The SEC Charges 11 Wall Street Firms with Widespread Recordkeeping Failures

Firms admit misconduct and agree to pay $289 million in fines.

The SEC Charges 11 Wall Street Firms with Widespread Recordkeeping Failures

The Securities and Exchange Commission charged ten firms as broker-dealers and one as a dually registered broker-dealer and investment adviser today for widespread and longstanding failures by the firms and their employees to maintain and preserve electronic communications. The firms admitted the facts outlined in their SEC orders. They admitted that their actions violated federal securities laws' recordkeeping rules, agreed to pay combined fines of $289 million as described below, and have commenced implementing reforms to its compliance policies and procedures to remedy these violations.

  • Wells Fargo Securities, LLC together with Wells Fargo Clearing Services, LLC and Wells Fargo Advisors Financial Network, LLC agreed to pay a $125 million penalty;

  • BNP Paribas Securities Corp. and SG Americas Securities, LLC have each agreed to pay penalties of $35 million;

  • BMO Capital Markets Corp. and Mizuho Securities USA LLC have each agreed to pay penalties of $25 million;

  • Houlihan Lokey Capital, Inc. has agreed to pay a $15 million penalty;

  • Moelis & Company LLC and Wedbush Securities Inc. have each agreed to pay penalties of $10 million; and

  • SMBC Nikko Securities America, Inc. has agreed to pay a $9 million penalty.

Also Read: Politicians have been lobbied by hedge funds to oppose new SEC rules.

“Compliance with the books and records requirements of the federal securities laws is essential to investor protection and well-functioning markets. To date, the Commission has brought 30 enforcement actions and ordered over $1.5 billion in penalties to drive this foundational message home. And while some broker-dealers and investment advisers have heeded this message, self-reported violations, or improved internal policies and procedures, today’s actions remind us that many still have not,” stated Gurbir S. Grewal, Director of the SEC’s Division of Enforcement.

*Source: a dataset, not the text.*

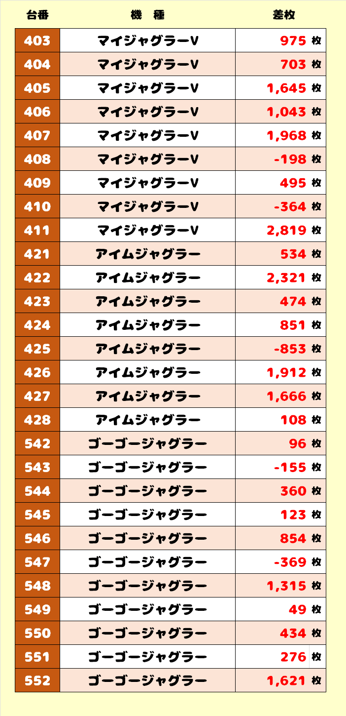 | 26 | ゴーゴージャグラー | 552 | +1,621枚 |

“So here are three takeaways for those firms who haven’t yet done so: self-report, cooperate and remediate. If you adopt that playbook, you’ll have a better outcome than if you wait for us to come calling.”

“Today’s actions stem from our continuing sweep to ensure that regulated entities, including broker-dealers and investment advisers, comply with their recordkeeping requirements, which are essential for us to monitor and enforce compliance with the federal securities laws. Recordkeeping failures such as those here undermine our ability to exercise effective regulatory oversight, often at the expense of investors,” commented Sanjay Wadhwa, Deputy Director of Enforcement.

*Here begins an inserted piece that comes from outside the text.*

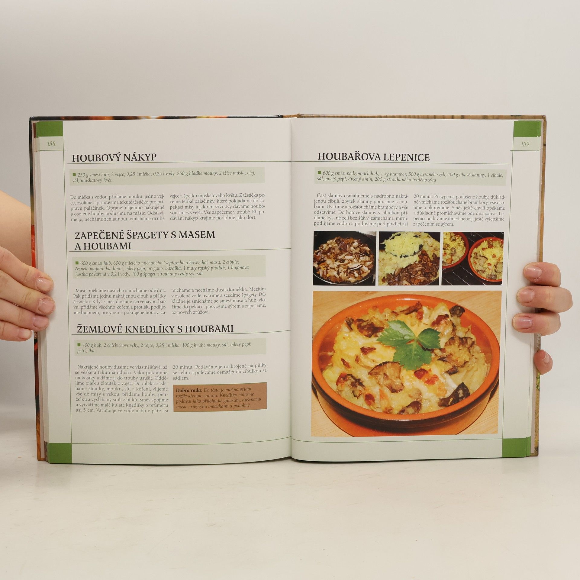 Kniha je rozdělena na dvě části, v první části jsou vyobrazeny jedlé houby, druhá část je kuchařka houbových receptů. Celá kniha doplněna fotografiemi hub a houbových pokrmů

“The 11 firms settling today have acknowledged that their conduct violated the law regarding these crucial requirements, and are implementing measures to prevent future similar violations. However, we know that other SEC-regulated entities have committed similar violations, and so our work to enforce industry-wide compliance continues.”

The SEC’s inquiry revealed extensive and long-standing “off-channel” communications across all 11 firms. According to the SEC’s statements, these firms acknowledged that as early as 2019, their employees frequently used various messaging platforms on personal devices like iMessage, WhatsApp, and Signal to discuss their employers’ business affairs. These firms failed to retain the majority of these off-channel communications, leading to violations of federal securities laws. This oversight potentially hindered the Commission’s access to these off-channel communications during various SEC investigations. These lapses affected employees at different organizational levels, from supervisors to senior executives.

Each broker-dealer faced charges for infringing specific recordkeeping provisions of the Securities Exchange Act of 1934 and for inadequately supervising to prevent and detect these violations. Additionally, Wedbush Securities Inc., a dual broker-dealer and investment adviser, faced additional charges for breaching specific recordkeeping provisions of the Investment Advisers Act of 1940 and for inadequate supervision to prevent and detect these infringements.

Apart from substantial financial penalties, each firm received orders to cease future violations of relevant recordkeeping provisions and were censured. Additionally, the firms committed to enlisting independent compliance consultants to comprehensively assess their policies and procedures for retaining electronic communications originating from personal devices. These assessments will also address their respective frameworks for addressing employee non-compliance with these policies and procedures.